Consistent Spectral Clustering in Hyperbolic Spaces
Sagar Ghosh, Swagatam Das
TL;DR
This work introduces HSCA, a spectral clustering framework operating in hyperbolic space to better capture hierarchical and tree-like data structures that challenge Euclidean representations. By embedding data into the Poincaré disc, constructing geodesic-based affinities, and performing spectral clustering on the normalized hyperbolic Laplacian, the method achieves weak consistency with a convergence behavior at least as fast as Euclidean spectral clustering. The paper also adapts hyperbolic variants of established Euclidean techniques (e.g., landmark-based HSCA-HLS K and fast variants) and provides extensive empirical validation on real and synthetic datasets, showing improved clustering quality, particularly for hierarchical data. The theoretical guarantees, along with practical algorithms and ablation studies, suggest that non-Euclidean spaces, especially hyperbolic geometry, offer a powerful framework for efficient and meaningful clustering in complex data regimes.
Abstract
Clustering, as an unsupervised technique, plays a pivotal role in various data analysis applications. Among clustering algorithms, Spectral Clustering on Euclidean Spaces has been extensively studied. However, with the rapid evolution of data complexity, Euclidean Space is proving to be inefficient for representing and learning algorithms. Although Deep Neural Networks on hyperbolic spaces have gained recent traction, clustering algorithms or non-deep machine learning models on non-Euclidean Spaces remain underexplored. In this paper, we propose a spectral clustering algorithm on Hyperbolic Spaces to address this gap.
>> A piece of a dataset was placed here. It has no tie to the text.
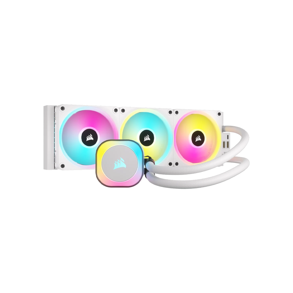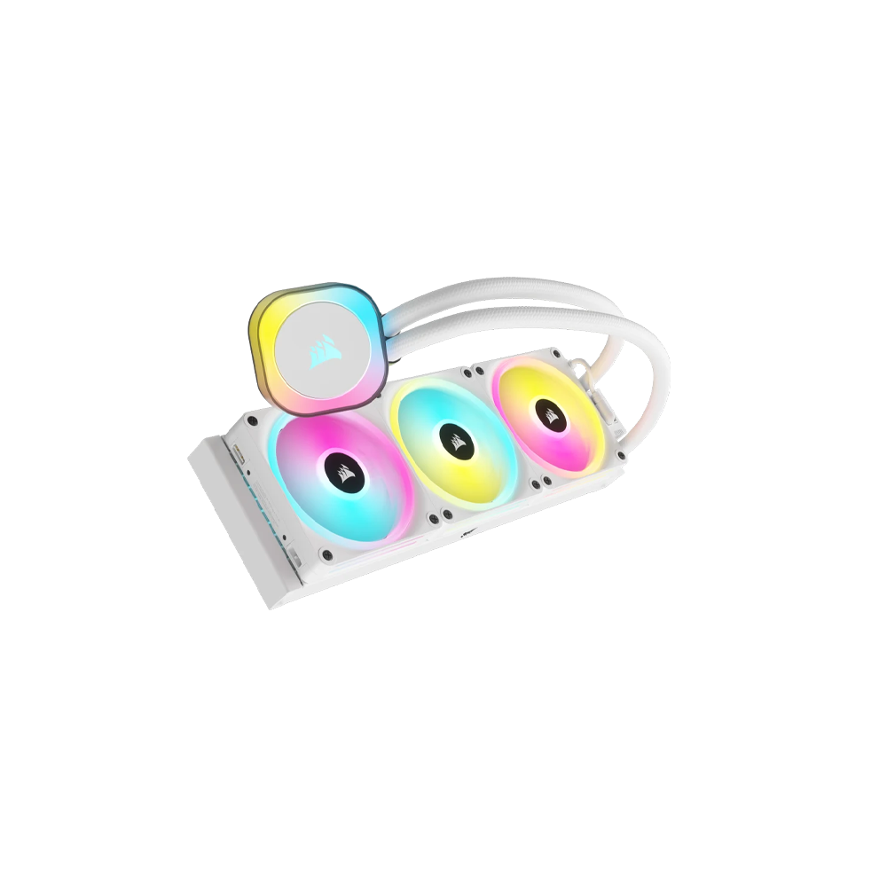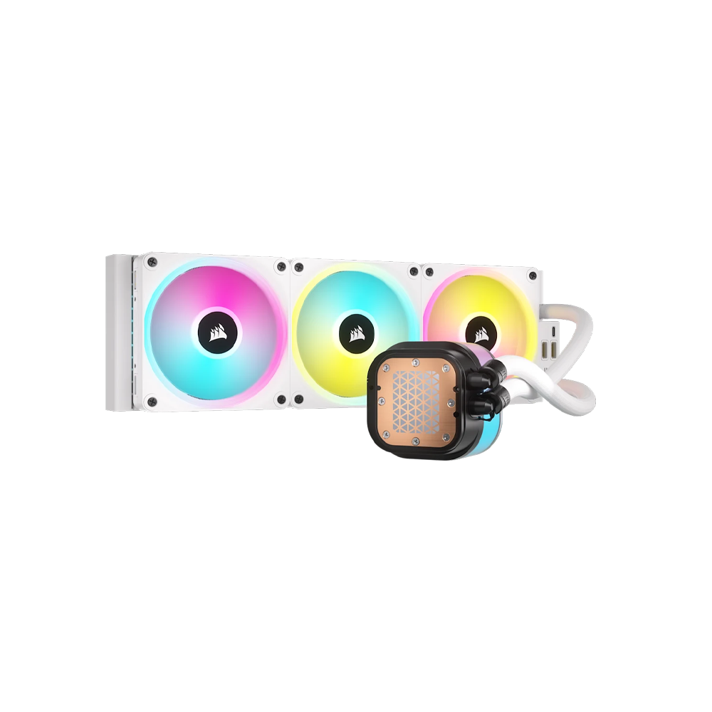 A 360 mm all‑in‑one (AIO) liquid CPU cooler with triple‑fan radiator, sealed cooling loop, and RGB lighting managed via iCUE software — designed for powerful cooling and full customization for gaming PCs, workstations, or overclocked rigs.

Hyperbolic Spaces offer advantages in representing complex data structures like hierarchical and tree-like structures, which cannot be embedded efficiently in Euclidean Spaces. Our proposed algorithm replaces the Euclidean Similarity Matrix with an appropriate Hyperbolic Similarity Matrix, demonstrating improved efficiency compared to clustering in Euclidean Spaces. Our contributions include the development of the spectral clustering algorithm on Hyperbolic Spaces and the proof of its weak consistency. We show that our algorithm converges at least as fast as Spectral Clustering on Euclidean Spaces. To illustrate the efficacy of our approach, we present experimental results on the Wisconsin Breast Cancer Dataset, highlighting the superior performance of Hyperbolic Spectral Clustering over its Euclidean counterpart. This work opens up avenues for utilizing non-Euclidean Spaces in clustering algorithms, offering new perspectives for handling complex data structures and improving clustering efficiency.